So the question is, What do you fear most? The fear of God and the fear of His Word to where we tremble at the Word, and we realize that His Word is truth and everything that opposes it is a lie! A fear, a reverence, for the Word of God, that you won't even entertain the foolish thoughts of the world's philosophies! They're foolishness to us! Don't speak that foolishness to me! Do not tell me that's incurable, because the prayer of faith saves the sick and the Lord raises them up! Amen? Don't speak that foolishness to me. Do not use the word "impossible" in my presence, because all things are possible with God! Do you tremble at His Word? Can I ask you a question? Is anything impossible--is the word "impossible" in your vocabulary? "Well, that's not possible." It is if God told you to do it. Amen? How many of you think walking on water is possible? When's the last time you did it? Do you fear God and His Word to where if He says, "Get out of the boat," you're getting out, without any experience? "But I haven't been proven in this"--like David wasn't proven in the armor of Saul. So, then, don't go their way. You see, I'm not proven in economics, I'm not proven in investing in the stock market. I'm not proven in any of those areas, but I just do what God tells me to do. When He says buy something, I buy it; when He says sell something, I sell it.

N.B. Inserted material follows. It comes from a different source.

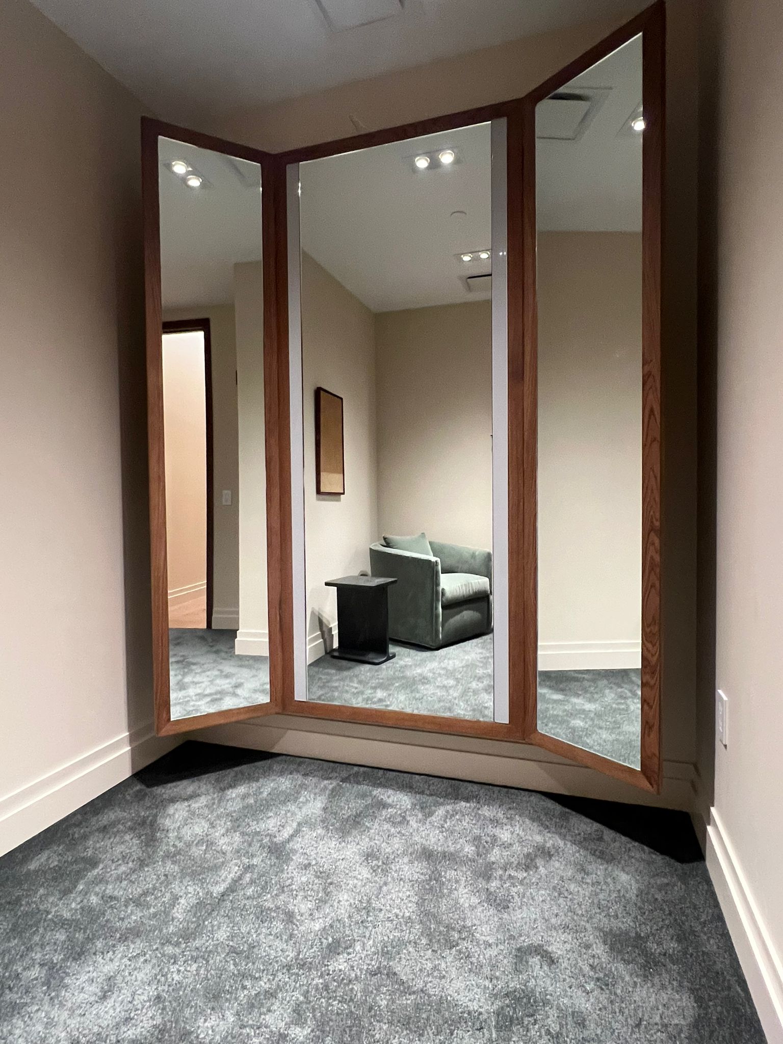 To ensure durability and style, we utilized a diverse range of materials, including plywood for strength and compressed wood for superior paint finishes. Our commitment to quality extended to every fixture, considering factors such as weight capacity, stain resistance, and lumber integrity. Additionally, we prioritize sustainability by using lead-free materials, reflecting our dedication to creating safe and eco-friendly environments for Frère’s clientele.

Do you know--there are only probably four or five of you here that were here at that time--you would not believe the opposition I got, I was absolutely opposed, I was called a fool, I was absolutely ridiculed for the insanity of wasting $64,000 to buy those twelve acres down there [adjoining property to the church]. I look pretty smart today, don't I? I just did what God said to do. I didn't know what was going to happen around here. All I knew was, God said buy that property. I thought we were going to build a church up there at the peak of that twelve acres. We still have the plans in the back. The fear of the Word of God; when He speaks to you, you do it! Do you tremble at His Word? Are you afraid of not hearing the voice of God? Are you afraid of becoming so involved in so much secular noise that you can't hear? If you have a love for the Word of God, you're going to make things quiet enough in your life where you can hear His voice. You see, when I'm talking about the Word of God, I'm not just talking about the written Word. You can read this, you can ride down the road and have it being put into your mind to where you even memorize it. I'm talking about quiet enough to obey, to let it become one with your spirit.
So He makes it very clear that if there's a fear of God, there will be a reverence for His Word, a trembling at the Word. If we fear Him, the Scripture says, we will obey Him (keep His commandments), we will serve Him through the diligent application of His Word. Proverbs says this; look over at Proverbs, chapter 2, for just a second. As we look at these passages, it's very interesting to see that what we're talking about has to become a true treasure to you, or you'll not pursue it. Joshua contrasted the idols with the fear of God. The Scripture speaks to it in many different ways. Treasures--where your treasure is, what else is there? That's where your heart is. Where the abundance of our conversation is, that's where our heart is--out of the abundance of the heart the mouth speaks. What do you talk about? Now, what I mean by talking about the Word, I'm not just talking about quoting Scriptures. Application--how it applies in my life; how it applies in your life. How can we better share the gospel? What can we do to better serve the community? What can we do to bring honor to God here in the midst of this crooked and perverse generation in which we're living? Are you always talking about the things of God, the representation of God, the presence of God, the purity of the church? Is there a constant conversation about the coming of the Lord? Because He's going to appear to those that are looking for Him. If you're looking for Him, you're talking about Him, you're making preparation.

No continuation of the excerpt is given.